Nobody can claim a direct eyewitness view of the rendezvous. When pressed about how and when it all began, Cho shakes her head virtuously. Malfoy the slut has given, she has received, her wild oats are sown, and she's back to her search for a real boyfriend she can actually take places.

Fury over Malfoy's lechery rises, led by those he's disappointed most: the romantics. He begins receiving a shove in the hallway here, a Jelly-Legs Jinx there. When Hermione sees it happening, she starts to intervene, but a strong glare from him stops her in her tracks. Words of ice follow: "Back off, Granger."

Don't defend me.

He begins making uncharacteristic mistakes in Potions class and — Ginny's heard — in Quidditch practice. When Hermione tries to speak to him in the corridor, or even in more discreet settings, he shuts her out.

Ginny's noticed some uncharacteristic behavior in Hermione herself: inattention in class. Writing to the end of a piece of parchment and continuing to write on the desk. Brushing her teeth for fifteen, twenty minutes at a time, staring glassily into the mirror as the brush goes back and forth.

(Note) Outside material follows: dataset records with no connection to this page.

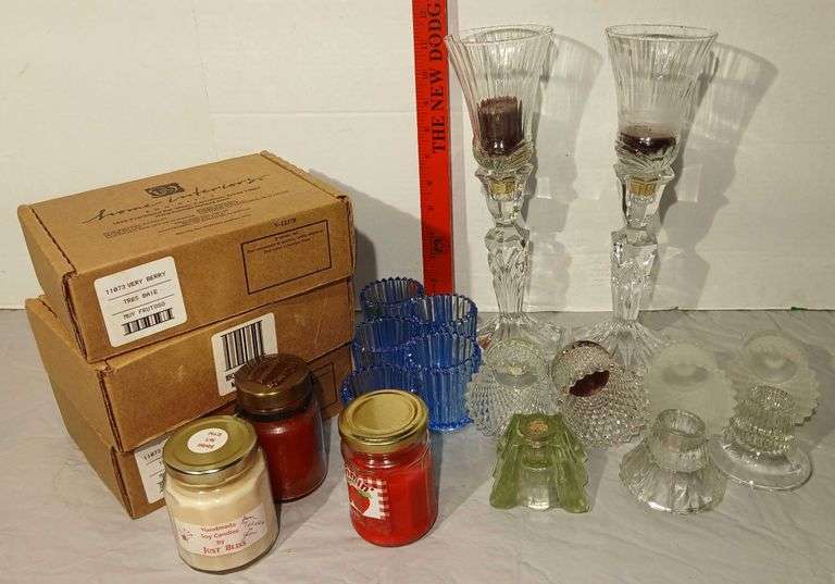 LOT 234 - Two 7" Crystal Candle Holders, Nine Votive Candle Holders, Candles and More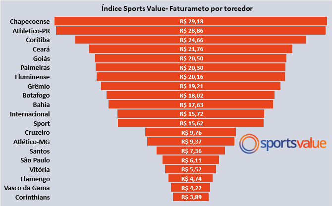 Apresentamos um índice inédito chamado de Faturamento por Torcedor, para os principais times brasileiros. Há um enorme espaço para o desenvolvimento de novas receitas com clubes de futebol.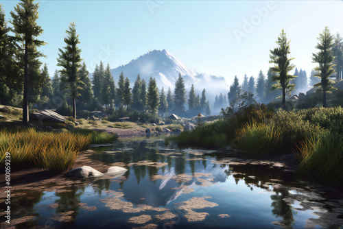 Naklejka premium Mountains Nature Paradise Embarking on an Epic Summer Adventure of Hiking, Camping, Wildlife Spotting, and Serene Alpine Landscapes The Swiss Alps, Rocky Mountain, Dolomites, Himalayas, Generative AI

"Hermione, are you — " Ginny looks keenly at her. "Is there something, or someone, going on?"

What is going on?

She isn't even sure how to count how many times they've kissed. Did the first lesson count? Did the kiss in the alley count? What was their first kiss, even? And why is she counting?

She swears Ginny to secrecy, and then, in a far-off spot on the lawn, shakily tells her everything. As Hermione spills it all out — the negotiation, the agreement, the first lesson, the trip to Hogsmeade, the kiss goodbye — Ginny's eyes grow rounder and rounder until they almost pop out of her head.

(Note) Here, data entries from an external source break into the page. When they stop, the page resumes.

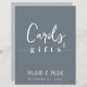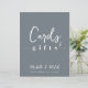 This design features wedding simple modern sign signage, cards and gifts quote saying, minimalist minimal dusty dark blue, great for reception guest bar tabletop sign, a modern calligraphy script text font, elegant trendy stylish typography font, simplistic elegance bar wedding décor, beer wine cocktails spirits list, an elegance simplistic reception guest sign, a custom customise reception signs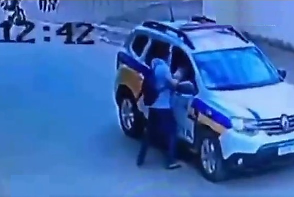 Imagens de câmeras de segurança de estabelecimentos da região mostram o momento em que o rapaz sinaliza para que a viatura da Polícia Militar pare. Logo em seguida, o homem começa a desferir golpes contra o agente sentado no banco do passageiro.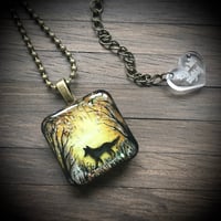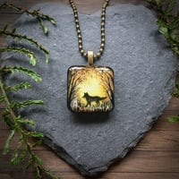 A smooth full resin pendant featuring a fox in a forest dell, set against a pale orange/khaki sky.

"I knew it!" she crows. "I knew the stories couldn't be true. He fancies you, Hermione. And more than that, much more, if that kiss was anything like what you describe."

She wraps Hermione in a warm, comfortable hug. Hermione breathes in her almond shampoo and sighs gratefully. She and the boys may have grown apart, but Ginny endures.

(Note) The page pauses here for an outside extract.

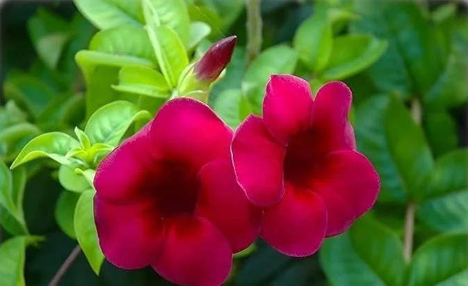 Vibrant Tropical Blooms: Enjoy a continuous display of bold, trumpet-shaped red flowers that evoke a tropical paradise. These blossoms are a true showstopper, adding rich color to your outdoor spaces and creating an inviting atmosphere for relaxation and entertainment. The vibrant red of the Allamanda Lil Red live plant makes it a garden favorite.

"I want to believe that — I really do. But what if I'm wrong? What if it really is just physical? He runs so hot and cold. Like I'm the thing he wants most...or the thing he's most ashamed of wanting. It hurts me when he pulls away, Ginny."

"As it should. He's a bloody moron for it. And you should tell him that. But Hermione," says Ginny, "maybe it isn't entirely about you. He's under a lot of stress right now. Maybe he doesn't want to drag you into his problems. Or doesn't feel ready to give you everything you deserve. Maybe...you should talk to him?"

"I would, if the idiot would let me!"

"Give it time, love. I have a feeling he'll come to you."

Sure enough, two days later, a note is in her pocket, slipped in who knows when.

Professor. Quidditch field. Midnight.

She doesn't want to go. She wants to punish him. Then she decides punishment is best delivered in person.

He's flying against the backdrop of the full moon. His hair is a smaller, tousled moon radiating its own light. He cuts long, smooth arcs through the sky. Thought in motion: figure eights, spirals, helices, difficult knots. His right self, his whole self. When he sees her, he lands smoothly in the grass, kicks the broom aside and walks slowly toward her.